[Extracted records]
┌──

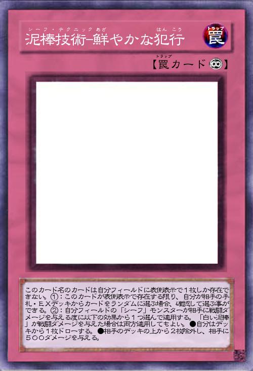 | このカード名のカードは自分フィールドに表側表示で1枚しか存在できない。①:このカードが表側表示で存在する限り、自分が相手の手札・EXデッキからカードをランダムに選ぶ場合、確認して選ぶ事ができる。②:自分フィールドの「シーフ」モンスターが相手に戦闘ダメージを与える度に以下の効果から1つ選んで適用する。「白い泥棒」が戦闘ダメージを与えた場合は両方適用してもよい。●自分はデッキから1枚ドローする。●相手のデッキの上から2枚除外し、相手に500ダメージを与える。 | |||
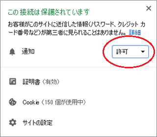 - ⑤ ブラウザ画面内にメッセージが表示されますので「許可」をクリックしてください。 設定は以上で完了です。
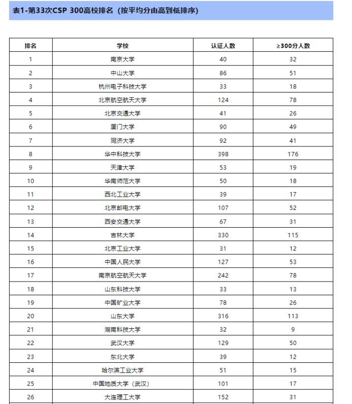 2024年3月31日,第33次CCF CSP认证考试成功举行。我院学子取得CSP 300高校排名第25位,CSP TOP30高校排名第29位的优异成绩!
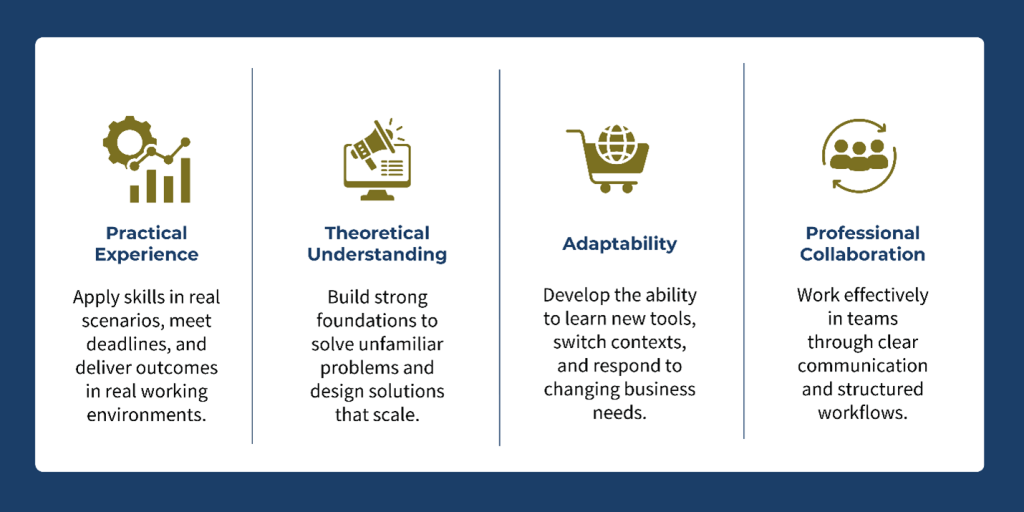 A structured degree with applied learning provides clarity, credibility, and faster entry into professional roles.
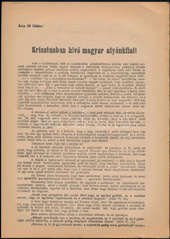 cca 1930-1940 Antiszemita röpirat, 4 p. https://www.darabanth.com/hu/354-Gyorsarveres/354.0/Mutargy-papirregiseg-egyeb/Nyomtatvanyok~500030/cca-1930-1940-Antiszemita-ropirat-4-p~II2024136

└──

Word for word, set down the lines from the line with "2024年3月31日,第33次CCF CSP认证考试成功举行。我院学子取得CSP 300高校排名第25位,CSP" through the last line of the entries, and nothing else; the pictures stay out.

 2024年3月31日,第33次CCF CSP认证考试成功举行。我院学子取得CSP 300高校排名第25位,CSP TOP30高校排名第29位的优异成绩!
 A structured degree with applied learning provides clarity, credibility, and faster entry into professional roles.
 cca 1930-1940 Antiszemita röpirat, 4 p. https://www.darabanth.com/hu/354-Gyorsarveres/354.0/Mutargy-papirregiseg-egyeb/Nyomtatvanyok~500030/cca-1930-1940-Antiszemita-ropirat-4-p~II2024136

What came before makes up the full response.